Apart from the images, reproduce all of the data word for word.

- _Exercise inputs_
####
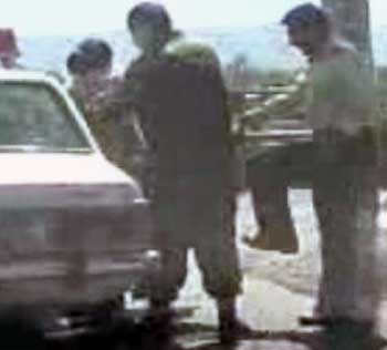 شکستن پای طرف با چماق و سپس دستگيری وی
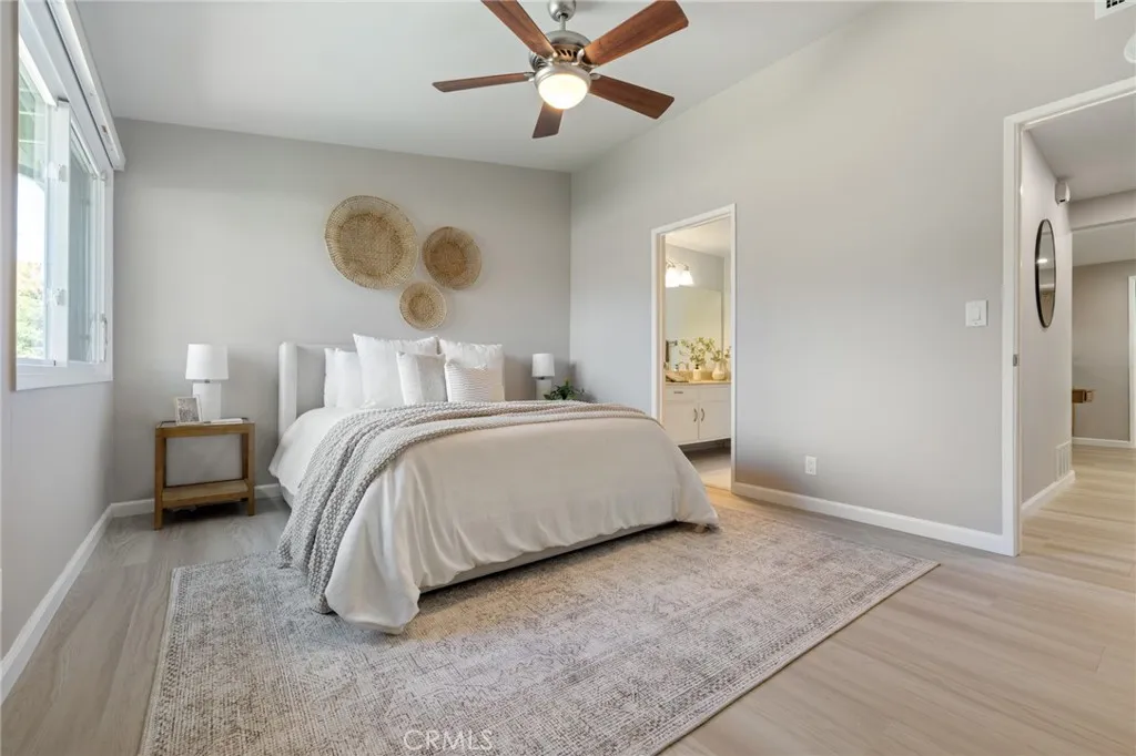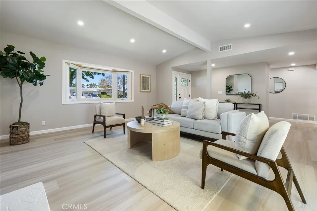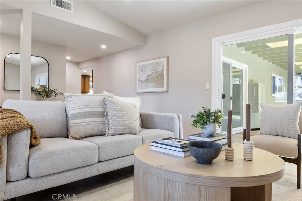 Welcome to your new home, an exceptional opportunity to own a beautifully updated single-story ranch in one of Costa Mesas most coveted neighborhoods, Mesa Del Mar. Offering 3 bedrooms, 2 bathrooms, and approximately 1,501 square feet on a generous 6,510 square foot lot, this is the ideal starter home with room to grow all with low property taxes and no HOA. Pride of ownership shines throughout, as this home has been lovingly maintained by its original owner and thoughtfully refreshed to blend comfort with modern convenience. Recent upgrades include new laminate flooring, fresh interior paint, exterior paint completed less than two years ago, and energy-efficient windows and sliding doors. Additional enhancements such as an upgraded electrical panel with EV charger compatibility, A/C, recessed lighting, automated blinds in the living room and primary suite, ceiling fans in every bedroom, and a Ring doorbell with exterior cameras provide both style and peace of mind. Inside, the light-filled living room welcomes you with high ceilings, a cozy gas fireplace, and direct access to the backyard patio, perfect for indoor-outdoor living. A separate dining area just off the kitchen also features sliding door access to the patio, creating an ideal flow for entertaining. Step outside to your expansive and private backyard retreat, complete with low-maintenance turf, lush landscaped borders, a mature orange tree, and an automatic sprinkler system. Multiple patio access points and a rare pull-through garage door that opens to the yard offer endless possibilities for entertaining, play,
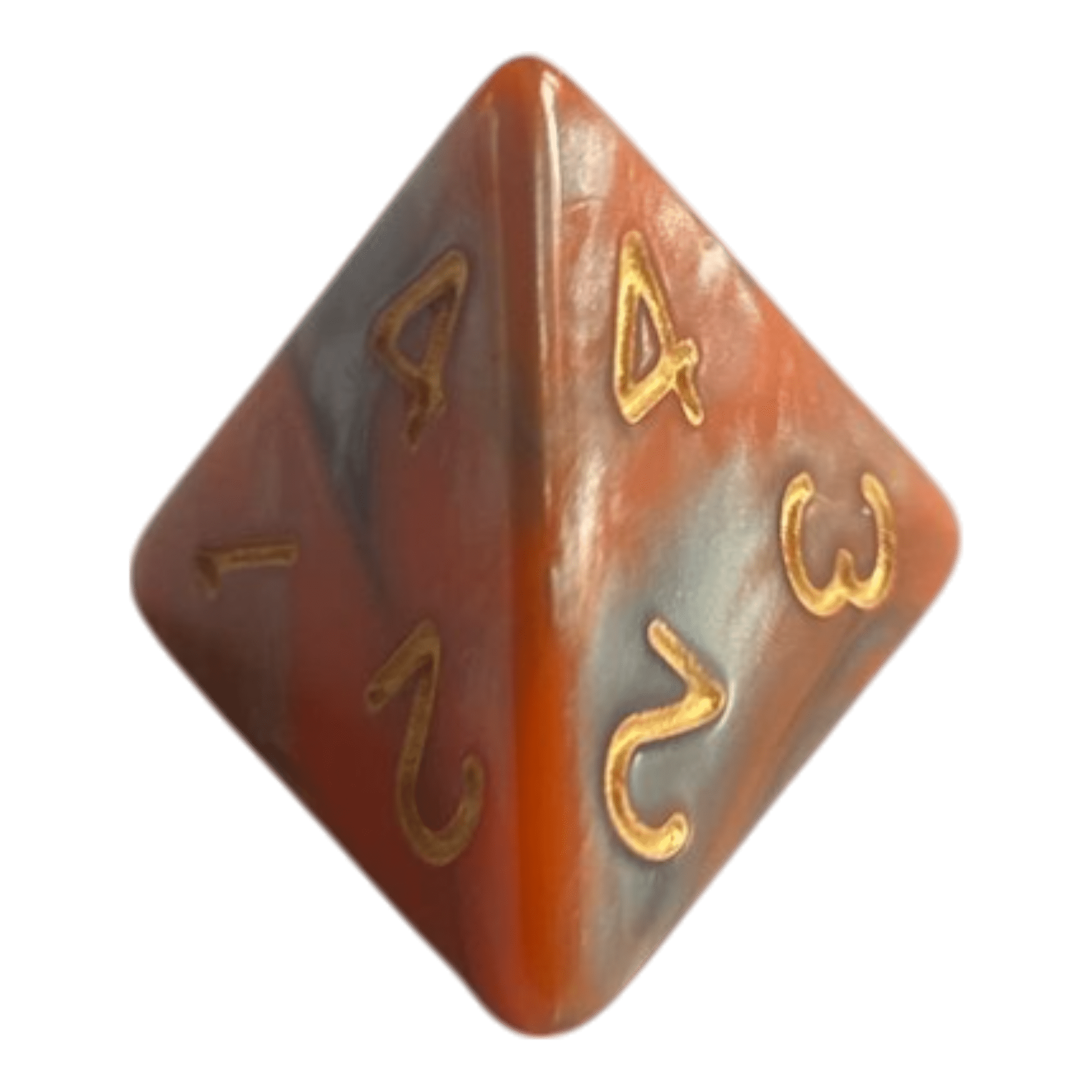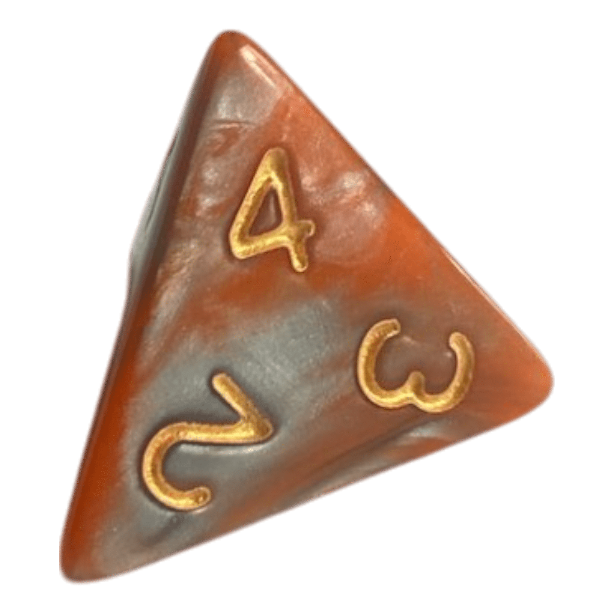 🎲 W4 Marmorierter Würfel in Orange/Grau – Stilvolle Präzision
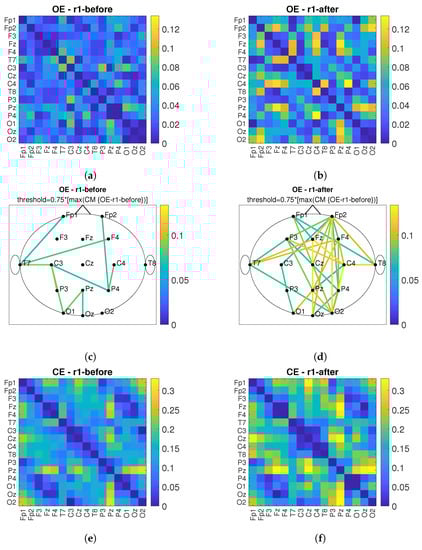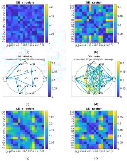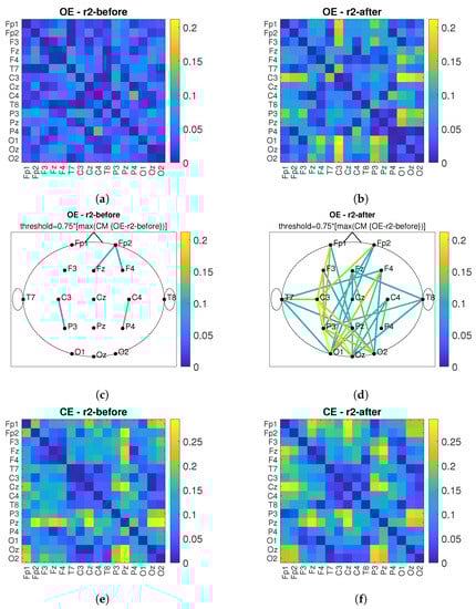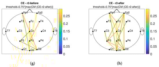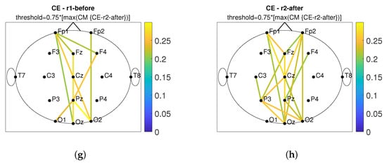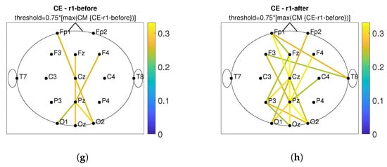 According to [], connectivity between near and far electrodes for the alpha band decreases in different types of dementia. Therefore, the goal of PBM stimulation is to increase the number of connections and connectivity values between the observed electrodes after PBM stimulation. Figure 11 shows the connectivity matrices (CM) and the head plot of the connections above threshold between pairs of electrodes for the conditions OE and CE and before/after stimulation. First, the maximum value of the compared CMs before and after is determined and the matrix with the lower maximum value is used as the reference matrix. The threshold was set at of the maximum value of the reference matrix. All connections above the threshold are shown in the head plots. The short-term effect is observed and the comparison before and after stimulation is performed for the r1, see Figure 11. By comparing Figure 11a,c with Figure 11b,d, it can be observed that the values of connections between electrode pairs are higher after PBM stimulation and that the number of electrode pairs increases. The same conclusion is obtained when considering the CE condition, which is shown in Figure 11e,g (before stimulation) and Figure 11f,h (after stimulation). Figure 12 shows the short-term effect of PBM stimulation for the r2. For the conditions of OE (Figure 12a–d), it was found that the connection between different brain regions increased more after stimulation compared with CE (Figure 12e–h). Figure 13 shows the long-term effects of PBM stimulation. A comparison of connectivity between the r1 before stimulation and the r2 after stimulation for the OE (Figure 13a–d) and CE (Figure 13e–h) conditions is shown. Higher values of the connection between the electrodes are visible.
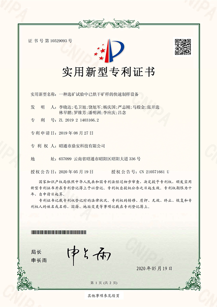 10529093一種選礦試驗中已烘干匡洋的快速制樣設備20200519實用新型專利證書
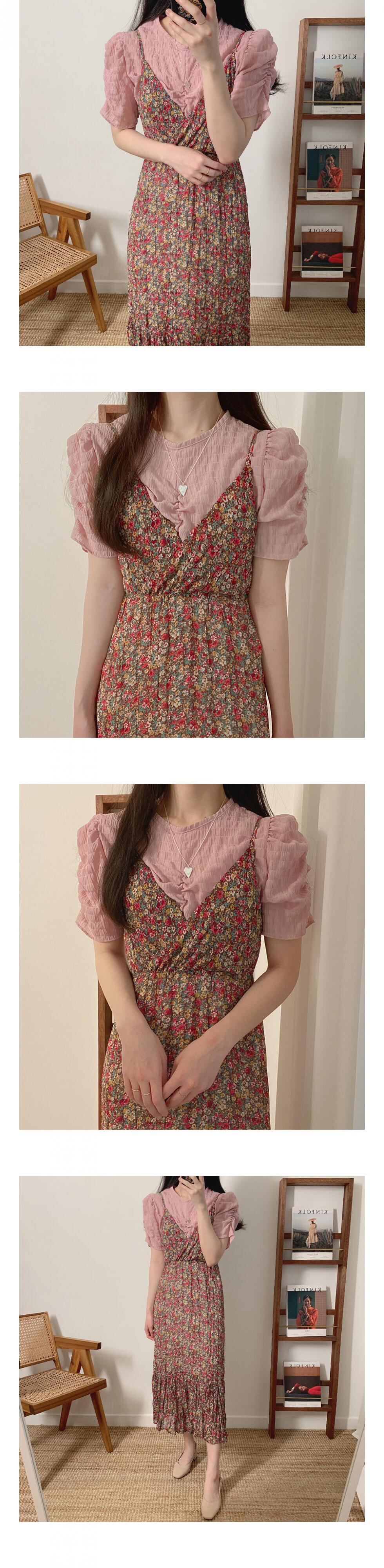 シックでスウィートなラウンドネックプリーツパフスリーブシャツ+薄手のハイウエストスモールフローラルスリングドレススーツ 韓国婦人44628494166
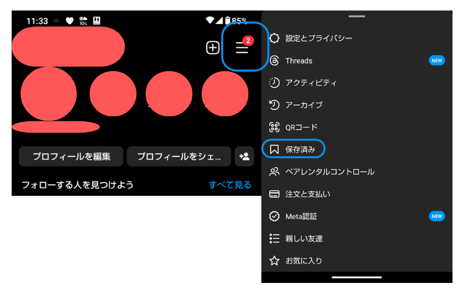 ①プロフィールタブ右上にある「三本線」メニューを選択
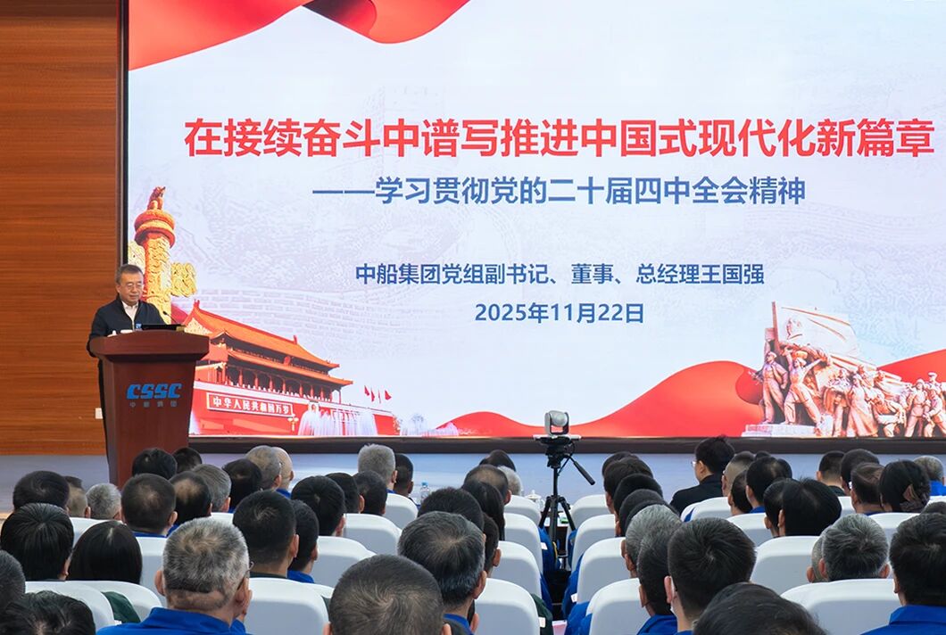 党组成员在宣讲会上强调,学习好贯彻好党的二十届四中全会精神是当前和今后一个时期的重大政治任务。要更加紧密地团结在以习近平同志为核心的党中央周围,全面贯彻习近平新时代中国特色社会主义思想,把思想和行动统一到党中央对形势的科学判断和决策部署上来,狠抓各项工作落实。要坚持创新驱动,抓住新一轮科技革命和产业变革历史机遇,加快推进高水平科技自立自强;要加快提质升级,坚持智能化、绿色化、融合化方向,争当建设现代化产业体系的排头兵;要全面深化改革,进一步解决制约高质量发展的卡点堵点问题,持续增强发展动力和活力;要强化根魂优势,坚持和加强党的领导、党的建设,以高质量党建引领保障高质量发展,确保2025年和“十四五”规划目标任务完成、“十五五”良好开局,为以中国式现代化全面推进强国建设、民族复兴伟业贡献中船力量。
####
- _Response to this task_
 شکستن پای طرف با چماق و سپس دستگيری وی
 Welcome to your new home, an exceptional opportunity to own a beautifully updated single-story ranch in one of Costa Mesas most coveted neighborhoods, Mesa Del Mar. Offering 3 bedrooms, 2 bathrooms, and approximately 1,501 square feet on a generous 6,510 square foot lot, this is the ideal starter home with room to grow all with low property taxes and no HOA. Pride of ownership shines throughout, as this home has been lovingly maintained by its original owner and thoughtfully refreshed to blend comfort with modern convenience. Recent upgrades include new laminate flooring, fresh interior paint, exterior paint completed less than two years ago, and energy-efficient windows and sliding doors. Additional enhancements such as an upgraded electrical panel with EV charger compatibility, A/C, recessed lighting, automated blinds in the living room and primary suite, ceiling fans in every bedroom, and a Ring doorbell with exterior cameras provide both style and peace of mind. Inside, the light-filled living room welcomes you with high ceilings, a cozy gas fireplace, and direct access to the backyard patio, perfect for indoor-outdoor living. A separate dining area just off the kitchen also features sliding door access to the patio, creating an ideal flow for entertaining. Step outside to your expansive and private backyard retreat, complete with low-maintenance turf, lush landscaped borders, a mature orange tree, and an automatic sprinkler system. Multiple patio access points and a rare pull-through garage door that opens to the yard offer endless possibilities for entertaining, play,
 🎲 W4 Marmorierter Würfel in Orange/Grau – Stilvolle Präzision
 According to [], connectivity between near and far electrodes for the alpha band decreases in different types of dementia. Therefore, the goal of PBM stimulation is to increase the number of connections and connectivity values between the observed electrodes after PBM stimulation. Figure 11 shows the connectivity matrices (CM) and the head plot of the connections above threshold between pairs of electrodes for the conditions OE and CE and before/after stimulation. First, the maximum value of the compared CMs before and after is determined and the matrix with the lower maximum value is used as the reference matrix. The threshold was set at of the maximum value of the reference matrix. All connections above the threshold are shown in the head plots. The short-term effect is observed and the comparison before and after stimulation is performed for the r1, see Figure 11. By comparing Figure 11a,c with Figure 11b,d, it can be observed that the values of connections between electrode pairs are higher after PBM stimulation and that the number of electrode pairs increases. The same conclusion is obtained when considering the CE condition, which is shown in Figure 11e,g (before stimulation) and Figure 11f,h (after stimulation). Figure 12 shows the short-term effect of PBM stimulation for the r2. For the conditions of OE (Figure 12a–d), it was found that the connection between different brain regions increased more after stimulation compared with CE (Figure 12e–h). Figure 13 shows the long-term effects of PBM stimulation. A comparison of connectivity between the r1 before stimulation and the r2 after stimulation for the OE (Figure 13a–d) and CE (Figure 13e–h) conditions is shown. Higher values of the connection between the electrodes are visible.
 10529093一種選礦試驗中已烘干匡洋的快速制樣設備20200519實用新型專利證書
 シックでスウィートなラウンドネックプリーツパフスリーブシャツ+薄手のハイウエストスモールフローラルスリングドレススーツ 韓国婦人44628494166
 ①プロフィールタブ右上にある「三本線」メニューを選択
 党组成员在宣讲会上强调,学习好贯彻好党的二十届四中全会精神是当前和今后一个时期的重大政治任务。要更加紧密地团结在以习近平同志为核心的党中央周围,全面贯彻习近平新时代中国特色社会主义思想,把思想和行动统一到党中央对形势的科学判断和决策部署上来,狠抓各项工作落实。要坚持创新驱动,抓住新一轮科技革命和产业变革历史机遇,加快推进高水平科技自立自强;要加快提质升级,坚持智能化、绿色化、融合化方向,争当建设现代化产业体系的排头兵;要全面深化改革,进一步解决制约高质量发展的卡点堵点问题,持续增强发展动力和活力;要强化根魂优势,坚持和加强党的领导、党的建设,以高质量党建引领保障高质量发展,确保2025年和“十四五”规划目标任务完成、“十五五”良好开局,为以中国式现代化全面推进强国建设、民族复兴伟业贡献中船力量。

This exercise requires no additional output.